The sugary call is followed by a soft tap on the door. In a flash, I’m free and I jerk upright and stumble back from the desk. Dad sits casually down in his chair.
“Come in, Cindy.”
Cindy opens the door and leans against the doorframe, one hip popped like she’s a femme fatale and Dad’s the hero in some black-and-white detective movie.
“What’s up?”
Only a trained eye could see the subtle working of his hand beneath the desk, rearranging his disgusting hard-on and doing up his belt again.
“They need you up front. Prosecutor will be here soon for the evidence in the Wastelander bust.”

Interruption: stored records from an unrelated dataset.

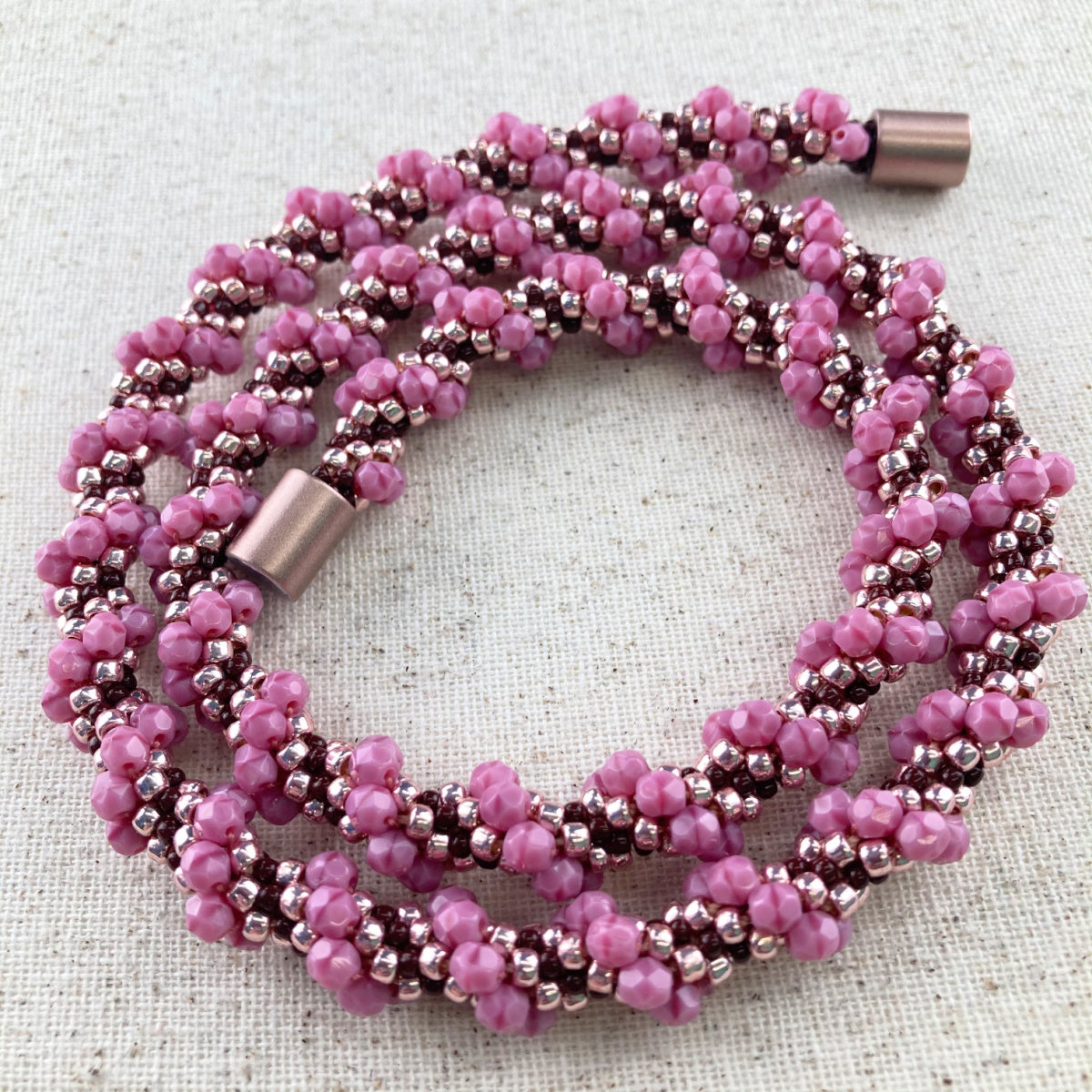 The Whirlwind features a gorgeous textural spiral of fire polished and seed beads. This is a great introduction to counted patterns. Whirlwind is a kumihimo kit for all levels.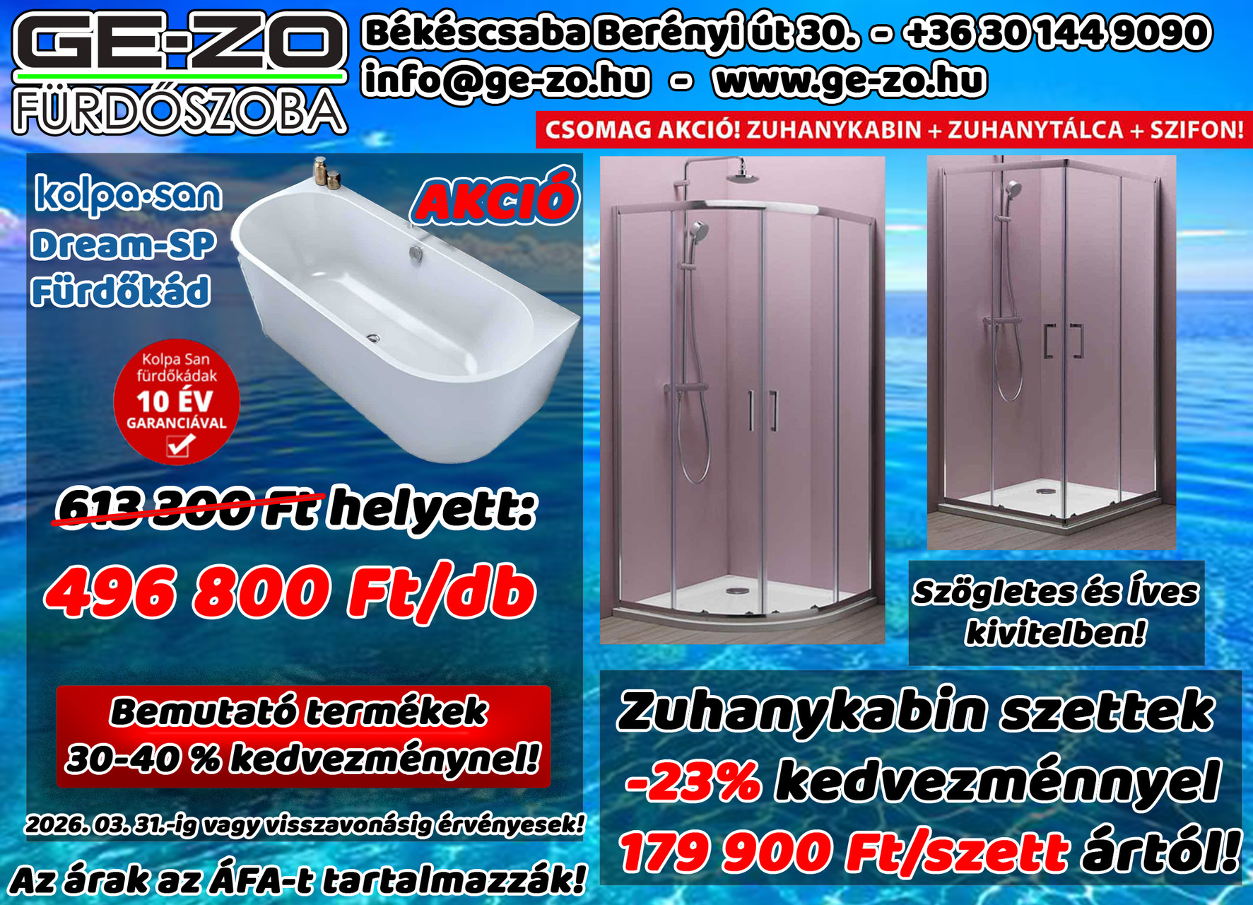 Kedvezményekkel várják a vevőket a GE-ZO Fürdőszoba Stúdióban, ahol a vásárlók mindent megkaphatnak, ami egy fürdőszobához kell.
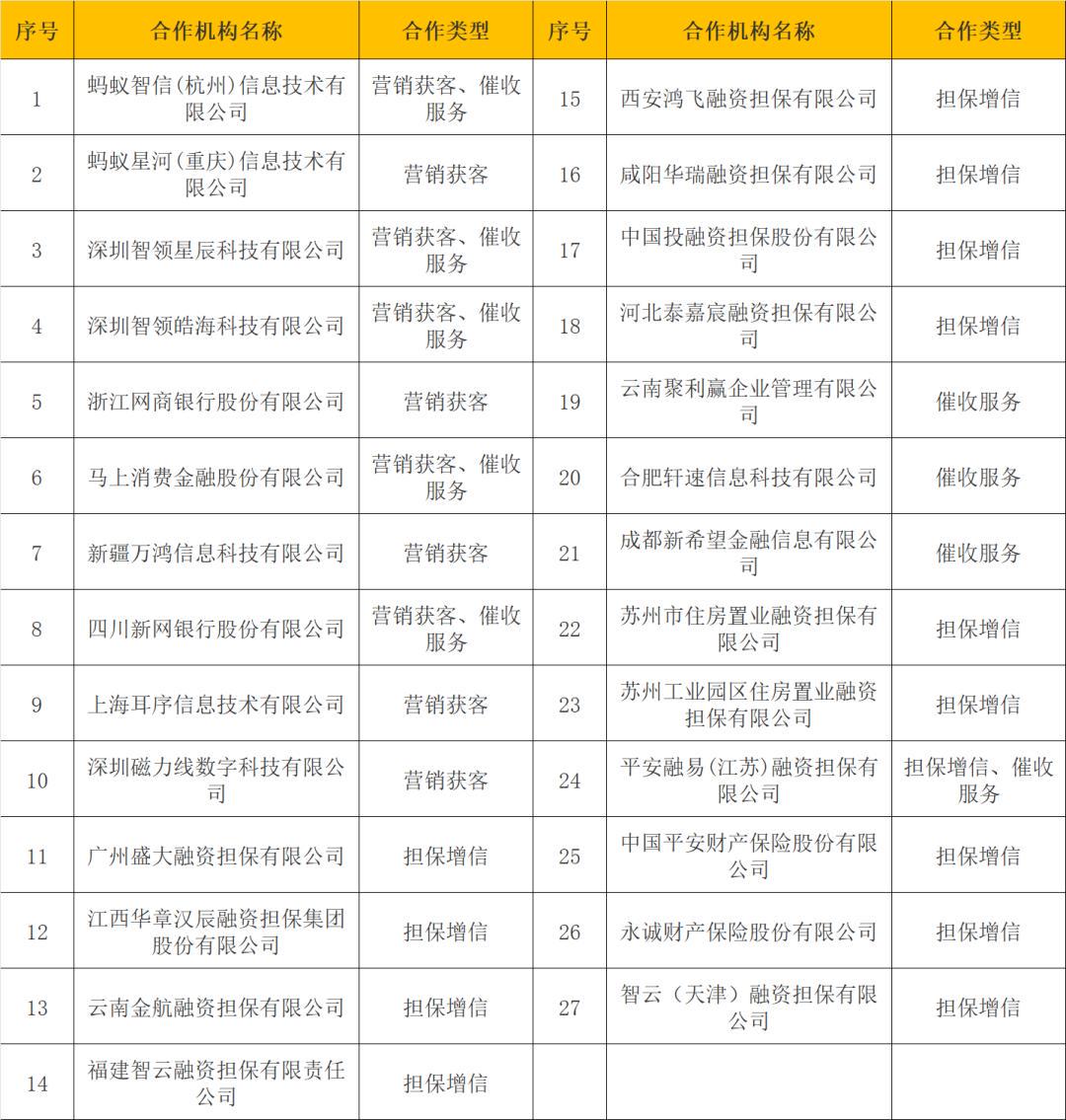 在传统对公业务风险逐渐暴露的同时,苏州银行正马不停蹄地加速零售转型。其官网公示的27家助贷合作机构名单,可谓星光熠熠,涵盖蚂蚁集团、字节跳动等流量巨头平台,以及多家融担公司和催收机构。
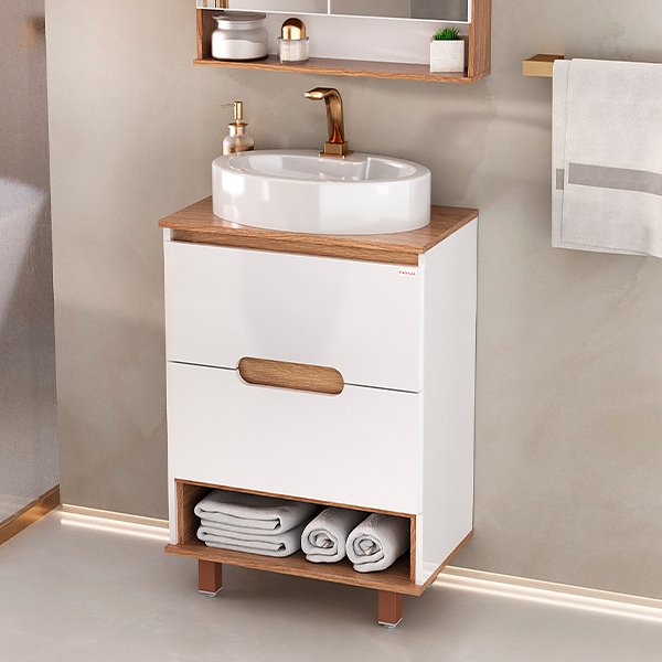 O Gabinete para Banheiro Beatriz da Fabribam combina praticidade e elegância. Com 60 cm de largura, possui duas gavetas amplas, um nicho funcional e pés com regulagem de altura, garantindo mais estabilidade e adaptação ao ambiente. Sua frente e laterais recebem pintura UV, proporcionando um acabamento sofisticado e durável.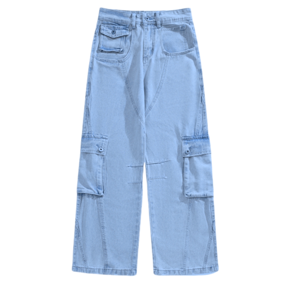 - Utility Patchwork Cargo Denim Pants – Functional Pocket Washed Dance Floor-Length Trousers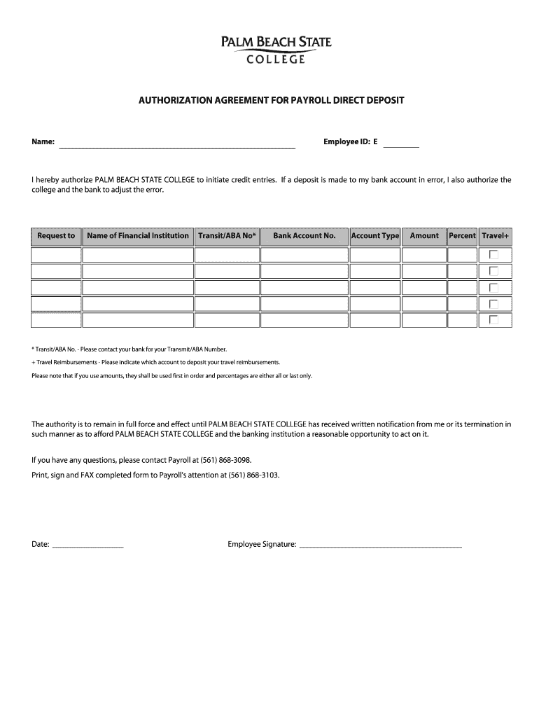 All employees of Palm Beach State College are eligible to complete the Payroll Direct Deposit Authorization Agreement to authorize direct payroll deposits into their bank accounts.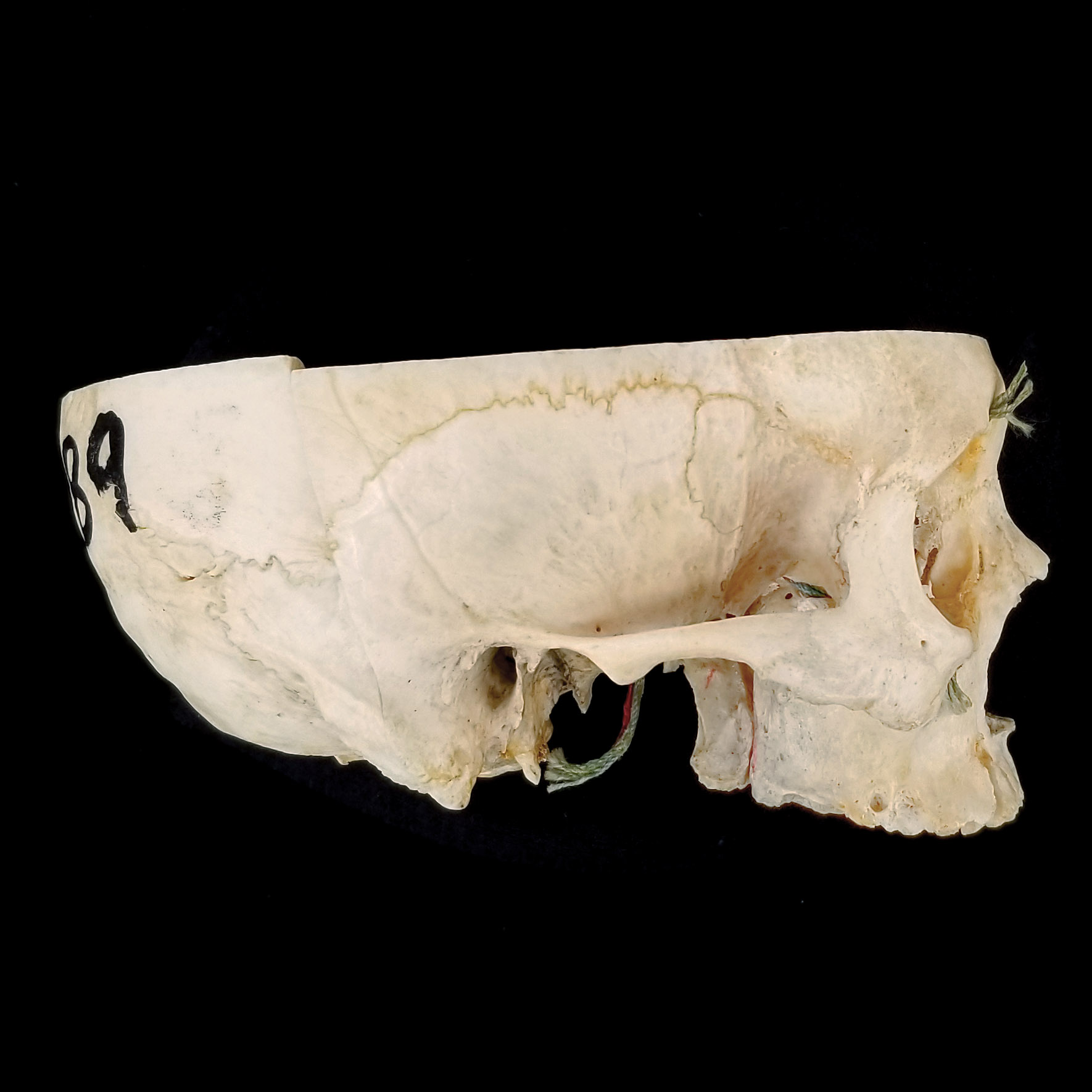 Adult human skull. (String is demonstration of nerves.) Right lateral view. |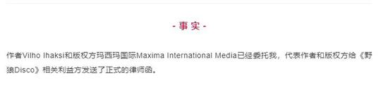 就是这个Ihaksi把歌曲的授权给了一个叫玛西玛国际传媒的公司,在《野狼Disco》爆火之后展开维权。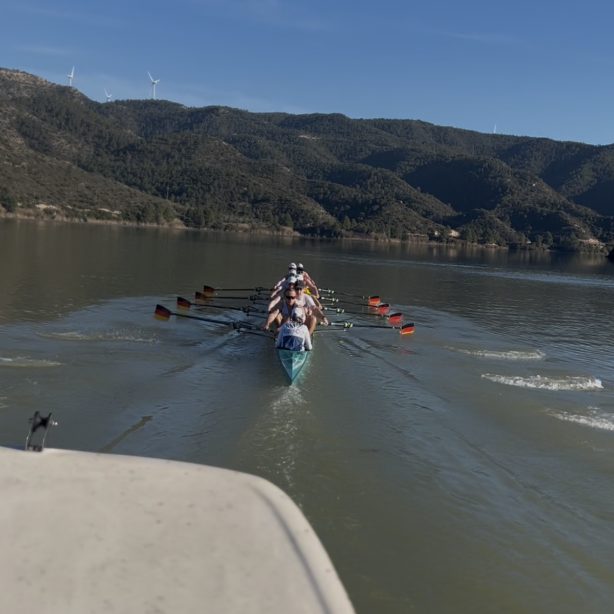 Im Zeitraum vom 14. bis zum 28. Februar war ich (Julius Watzka) mit der U23-Nationalmannschaft im Trainingslager in Mequinenza. Dieses Trainingslager diente in erster Linie dazu, Groß- und Mittelboote zu fahren und nach einem langen, kalten Winter Abwechslung in den Trainingsalltag zu bringen. In Mequinenza (ca. zwei Autostunden westlich von Barcelona) hatten wir optimale Trainingsbedingungen: morgens meist etwas kühler mit rund 10 Grad und leichtem Nebel, dafür nachmittags fast immer 20 Grad, strahlenden Sonnenschein und glattes Wasser – also perfekte Voraussetzungen, um sich auf die kommende Saison vorzubereiten.
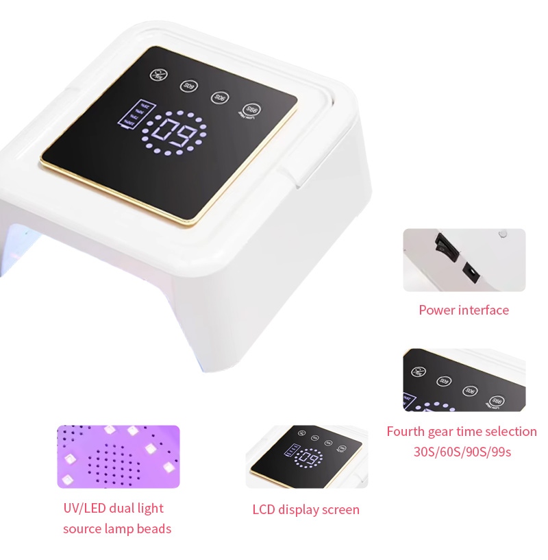 La lampada quadrata per l'asciugatura delle unghie garantisce un'asciugatura uniforme della colla senza restringimenti. Le sue doppie sorgenti luminose forniscono un riscaldamento delicato per prevenire lo scolorimento delle mani e l'affaticamento degli occhi, adatte sia alle mani che ai piedi, offrendo risultati di asciugatura straordinariamente rapidi.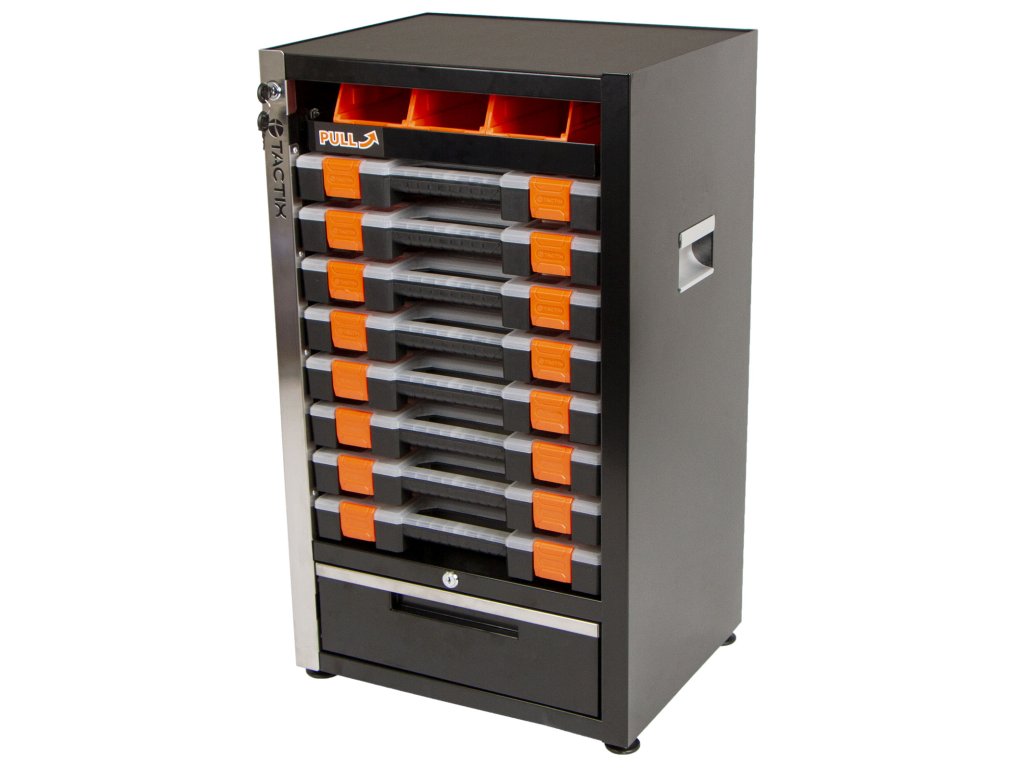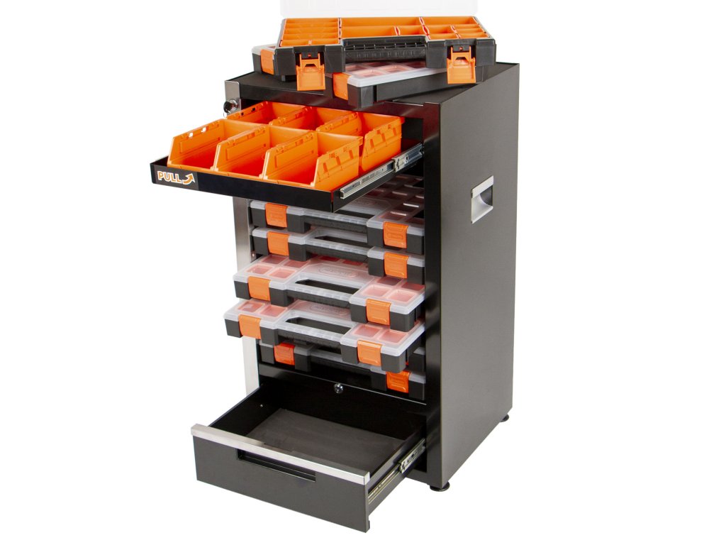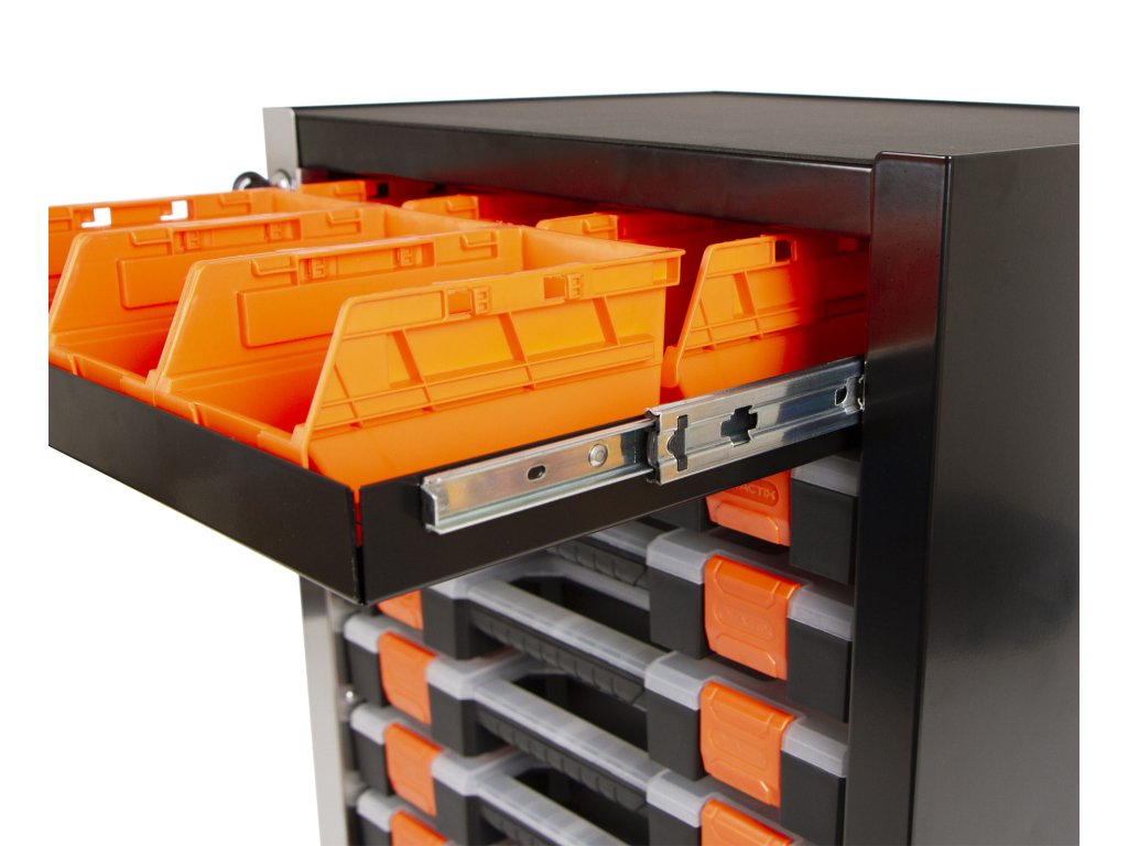 Kvalitní kovová skříňka určená pro organizaci drobného dílenského vybavení a materiálu.

“Right, right. Thanks, Cin.”
He gives her a wink and she giggles, cheeks going red. She doesn’t even acknowledge me as she leaves. To her, I’m nothing.
Ruined.
Cindy leaves the door gaping open — thank God. Dad stands and eyes me carefully as he rounds his desk. I back up to the far wall, ready to make my escape.
“Why don’t you go home, Del? You’re looking a little flushed. I’ll be home later. We can finish up our conversation.”
Before can flinch away, Dad gives my shoulder a squeeze and then he’s gone.
I can breathe again.
I sag back against the wall and suck in a deep lungful of stale office air. My money is gone — everything except my last payment from Rodney, and there’s no way in hell that’s going to be enough to get me and Lilly away from him.
Desperation claws at my insides.
I look around Dad’s office, my eyes falling on his desk. He’s too smart to have left the money here. But I spot something else and a tiny kernel of an idea pops into my head.
A very bad idea.
A very, very bad idea… that just might work.
Before I can second guess myself, I dart to the desk and snatch up the ring of keys that Dad left behind. I know exactly which one I need so I slip it off the loop and tuck it into my pocket.
I hear distant voices but there’s nobody around to see me as I slip out of his office and hurry down the hallway.
No need to check for cameras (I already know they’re all for show), I stop at the right door and hesitate, my hand poised to turn the key in the lock.
This is a bad idea.
But it has to fucking work. It just has to.